Step 2 — Run with atlas snap (optional but recommended for multi-sample)¶
When you have two datasets, the same PAS may be called at slightly different coordinates in each BAM. The atlas key resolves this by snapping every called coordinate to the nearest entry in a reference poly(A) site database.
# Add to multi_run.yaml
atlas: /refs/polyasite_2.0_GRCh38_sorted.bed
atlas_distance: 50 # maximum snap distance in bp (default 50)
Download the PolyASite 2.0 human atlas from polyasite.unibas.ch and sort it with bedtools sort. With the atlas enabled, the pipeline:
- Calls PAS per dataset independently.
- For each called PAS, finds the nearest atlas entry within
atlas_distancebp. - Replaces the called coordinate with the atlas coordinate, producing a unified coordinate space.
- Writes
unified/atlas_mapping.tsvso you can trace which called PAS became which atlas PAS.
Without the atlas, coordinates are merged by proximity (gap controlled by pas_gap), but subtle inter-sample differences in peak summits remain.
Step 3 — Run the pipeline¶
The multi-sample path runs each dataset through its own downstream pipeline (annotation, matrix filtering, preprocessing, clustering) in parallel worker processes. Progress is reported per dataset.
Output layout for two datasets:
peakatail_runs/emaout_<timestamp>/
peakcalling/
control_0.pos.bed
control_0.neg.bed
treated_0.pos.bed
treated_0.neg.bed
...
unified/
atlas_snapped.bed # unified coordinate set (when --atlas is set)
atlas_mapping.tsv # called PAS -> atlas PAS mapping
concatenated.mtx # joint count matrix
concatenated_cbs.tsv # joint cell barcode list (prefixed with dataset id)
per_dataset/
control/
pasbed.bed
clusters.h5ad
...
treated/
pasbed.bed
clusters.h5ad
...
cross_dataset/
canonical_cluster_map.tsv # cluster correspondence across datasets
Step 4 — Run cross-dataset cluster matching¶
After clustering, cluster labels are independent integers within each dataset.
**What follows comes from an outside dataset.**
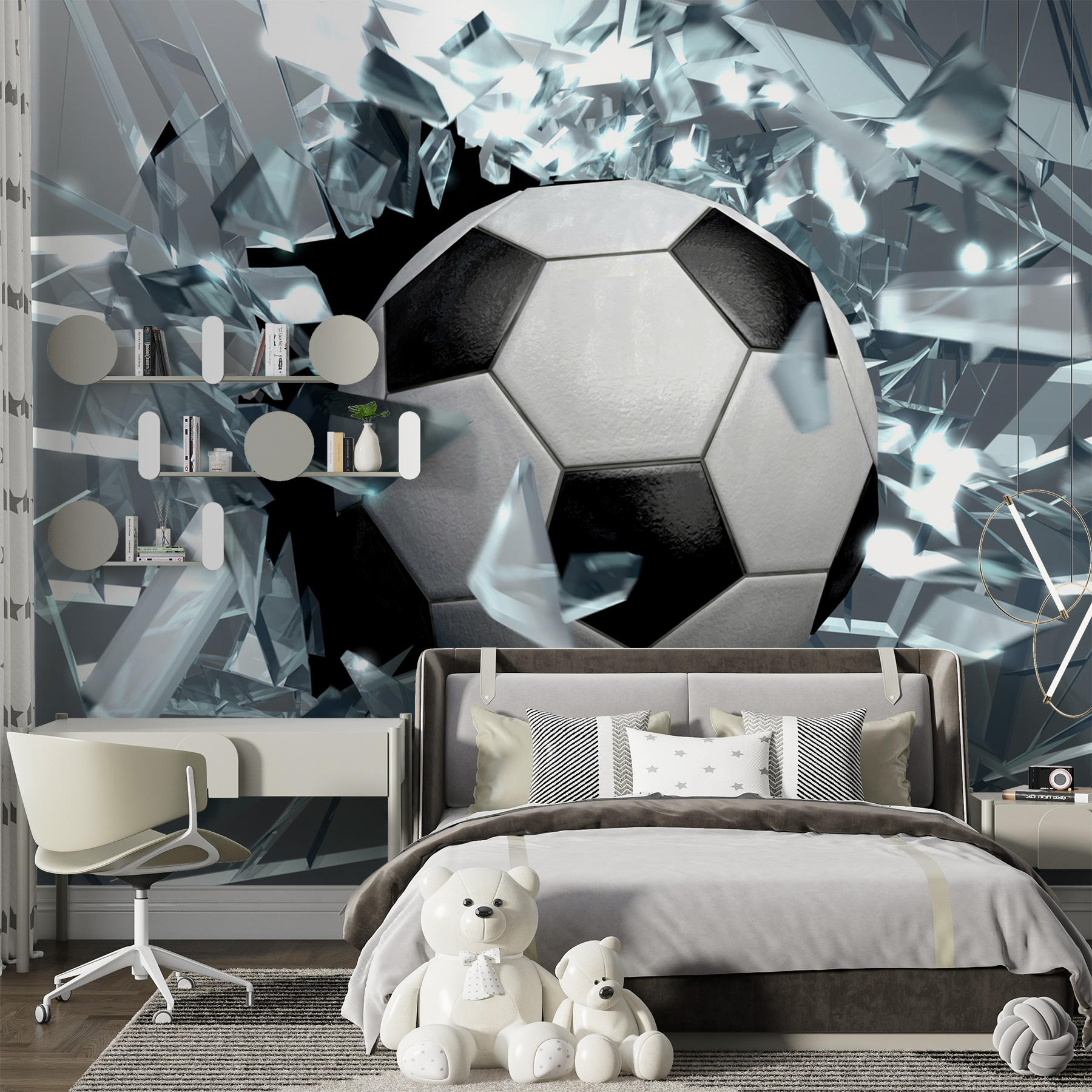 Transformando una habitación en una vibrante aventura, este mural lleva la emocionante energía del fútbol directamente a su pared. Imagínese un potente balón de fútbol que atraviesa una barrera imaginaria, con fragmentos de cristal que desprenden un ambiente animado. Es como si tu espacio acabara de marcar el gol definitivo, por lo que es perfecto para los niños que sueñan con convertirse en superestrellas en el campo. Imagínese: los amigos se acercan, los ojos se abren y las preguntas vuelan. ¿Qué niño no se sentiría como un campeón con esta dinámica escena? Es algo más que decoración: ¡es inspiración, emoción y mucha diversión!

Cluster 0 in control may correspond to cluster 3 in treated. ema switch match aligns them using marker PAS overlap:
uv run ema switch match \
--h5ad peakatail_runs/emaout_<timestamp>/per_dataset/control/clusters.h5ad \
--h5ad peakatail_runs/emaout_<timestamp>/per_dataset/treated/clusters.h5ad \
--strategy marker_overlap \
--n-top-markers 50
The marker_overlap strategy:
- For each dataset independently, ranks PAS by their Wilcoxon score within each cluster (top 50 per cluster).
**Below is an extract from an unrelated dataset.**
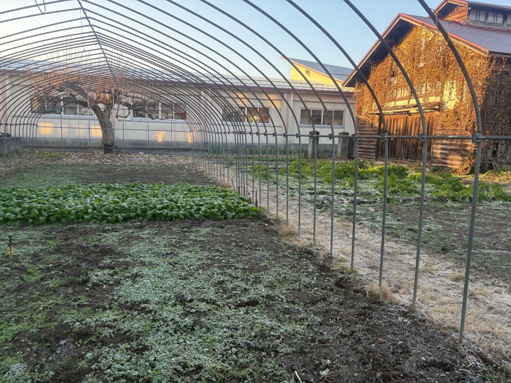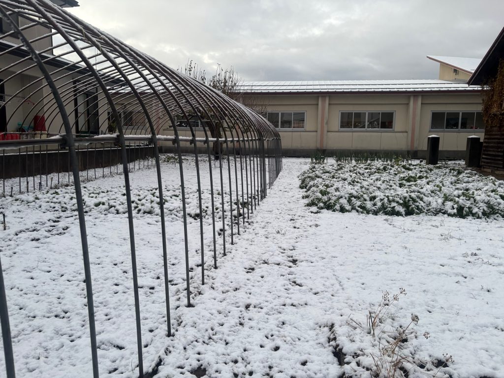 朝には畑と屋根が真っ白になりました。

- For each pair of clusters across datasets, computes Jaccard similarity of their marker PAS sets.
- Assigns a canonical cluster label to the cluster pair with the highest Jaccard score.
Output: cross_dataset/canonical_cluster_map.tsv with columns dataset_id, cluster_label, and canonical_cluster. Use this table to group clusters for differential testing:
# Test control cluster 0 (= canonical cluster A) vs treated cluster 3 (= canonical cluster A)
uv run ema switch diff \
--h5ad .../per_dataset/control/clusters.h5ad \
--h5ad .../per_dataset/treated/clusters.h5ad \
--cluster-pairs "0,3" \
--strategy fisher
Atlas snap is strongly recommended for multi-sample differential testing
Without atlas coordinates, a PAS at chr1:22639574 in control and chr1:22639571 in treated is treated as two separate PAS. With atlas snap both resolve to the same database entry and are directly comparable.